Korea Media Rating Board
- Official KMRB logo as of February 2020

Film content rating body overview
- Formed: 1966 (as the Korean Art and Culture Ethics Committee)
- Jurisdiction: South Korea
- Headquarters: Busan, South Korea
- Website: www.kmrb.or.kr

Korean name
- Hangul: 영상물등급위원회
- Hanja: 映像物等級委員會
- RR: Yeongsangmul deunggeup wiwonhoe
- MR: Yŏngsangmul tŭnggŭp wiwŏnhoe

= Korea Media Rating Board =

Motion picture rating organization

The Korea Media Rating Board (KMRB) is a public organization that classifies films, videos, and other motion pictures into age-based ratings and recommends domestic performances of foreign artists. Through these rating systems, the Korea Media Rating Board provides domestic viewers with accurate information for their viewing and protects children from harmful and unsuitable materials.

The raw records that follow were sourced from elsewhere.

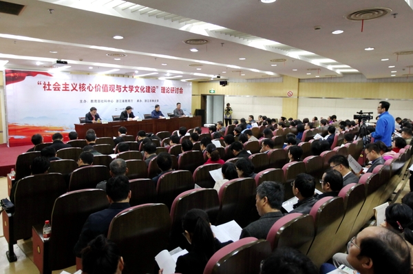 11月12日,由教育部高等學校社會科學發展研究中心、浙江省教育廳主辦,我校承辦的“社會主義核心價值觀與大學文化建設”理論研討會在東湖校區舉行。本次會議的主題為“發揮大學文化育人功能,推動社會主義核心價值觀落細落小落實”。來自全國各地高校從事社會主義核心價值觀與大學文化建設宣傳、教育、研究的專家學者共計一百余人參加會議。
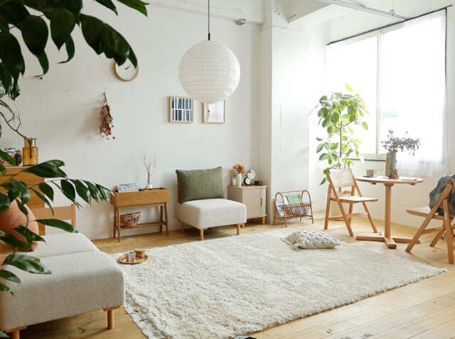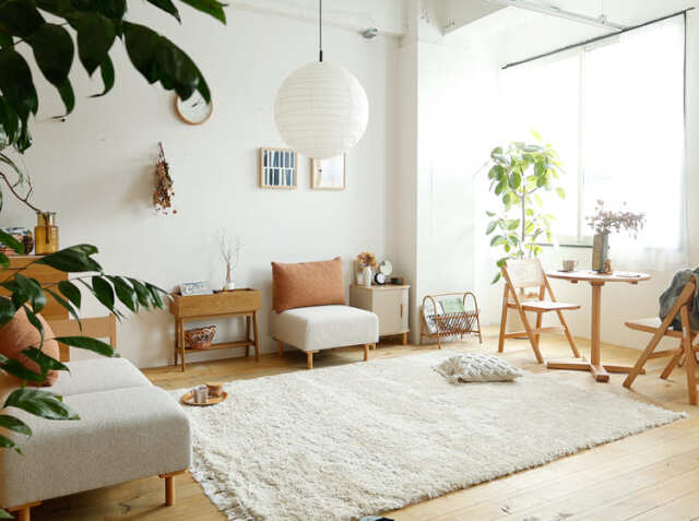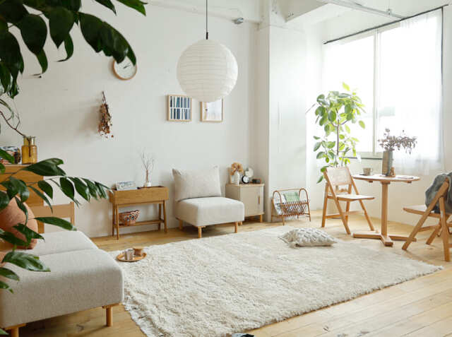 アイボリーは、北欧ナチュラルスタイルの定番カラー。柔らかな白は、空間を明るく広く見せる効果があります。
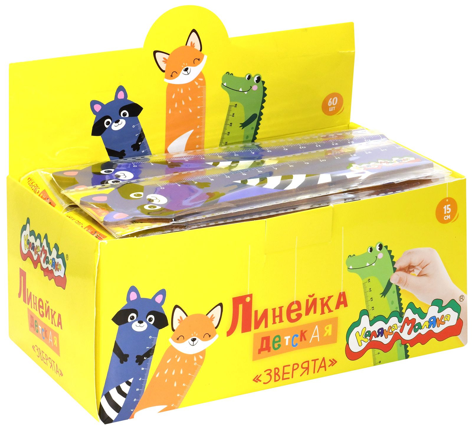 Цвет: ассорти Наличие европодвеса: Да Вид чертежных принадлежностей: Линейка Тип линейки: фигурная Материал: дерево Индивидуальная упаковка: Да Мин. партия и варианты упаковок: 1 / 60 / 1200 Линейка Каляка-Маляка ЗВЕРЯТА фигурная 15 см деревянная, ассорти, с европодвесом
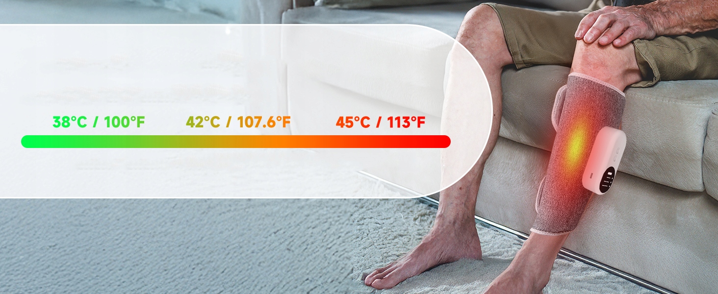 Функция нагрева согревает икры и ступни, облегчая холод в ногах, боль и плохое кровообращение. Свобода беспроводной связи и длительное использование
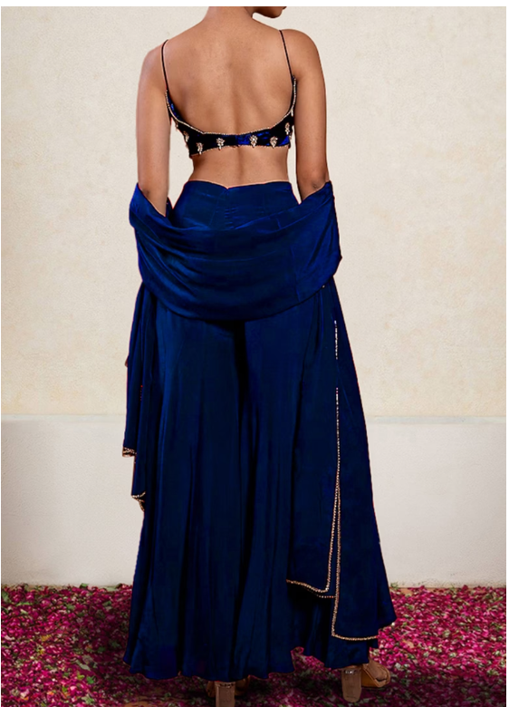 Blue Palazzo Set With Hand Embroidered Blouse And Dupatta
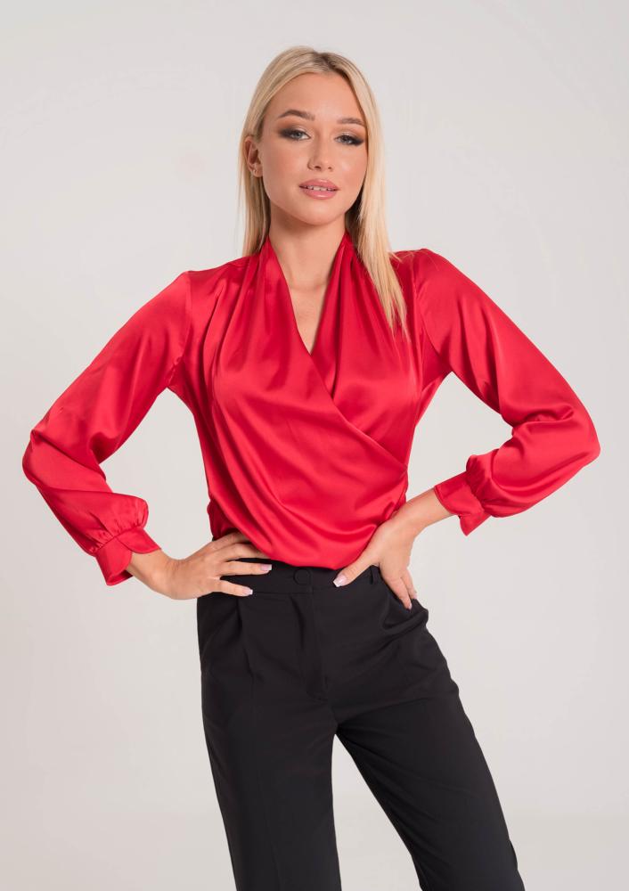 Piros színű, szatén Magenta felső, elegáns esésű, átlapolt fényes. Háta nyaki részén rávarrt textil Magenta felső.
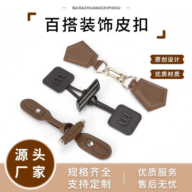 秋冬百搭女装金属皮对扣大衣风衣腰带纽扣皮草围脖对钩装饰皮搭扣
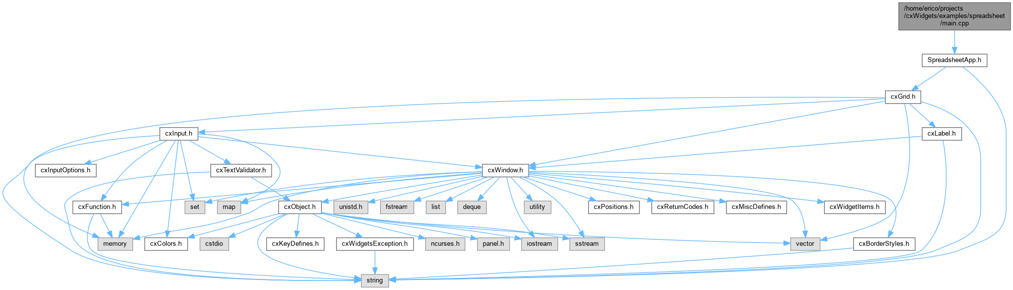 Include dependency graph for main.cpp:

Established in 1966 as the "Korean Art and Culture Ethics Committee", the organization changed the name to the "Korean Ethics Committee for Performing Arts" in 1976 and The "Korean Council Performing Arts Promotion" in 1997. In June 1999, it finally changed to the current name of "Korea Media Rating Board".

== Ratings ==

Ratings are determined on films and videos which are classified, stage performances, and advertising. Stage performances have been rated ALL, Teenager restricted, or not rated. Advertisements have generally been rated ALL or not rated. The media that is rated includes:
- Nationally produced movies
- Foreign movies
- Advertisements on:
  - previews
  - posters
  - newspapers
  - notice boards

=== Film ratings ===

KMRB ratings since the start of 2021 and changed from 18 to 19 since May 1, 2024

The Korea Media Rating Board (영상물등급위원회) in Busan divides licensed films into the following categories:

- ALL (전체관람가 - meaning "all") – Green label: Film suitable for all ages.
- 12 (12세이상관람가 - meaning "over 12 years") – Yellow label: Film intended for audiences 12 and over. Underage audiences accompanied by a parent or guardian are allowed.
- 15 (15세이상관람가 - meaning "over 15 years") – Orange label: Film intended for audiences 15 and over. Underage audiences accompanied by a parent or guardian are allowed.
- 19 (청소년관람불가 - meaning "not for young people") – Red label: No one under 19 is allowed to watch this film.
- Restricted screening (제한상영가 - meaning "limited screening") – White label: Film needs a certain restriction in screening or advertisement as it is considered a highly bad influence to universal human dignity, social value, good customs or national emotion due to excessive expression of nudity, violence, social behavior, etc.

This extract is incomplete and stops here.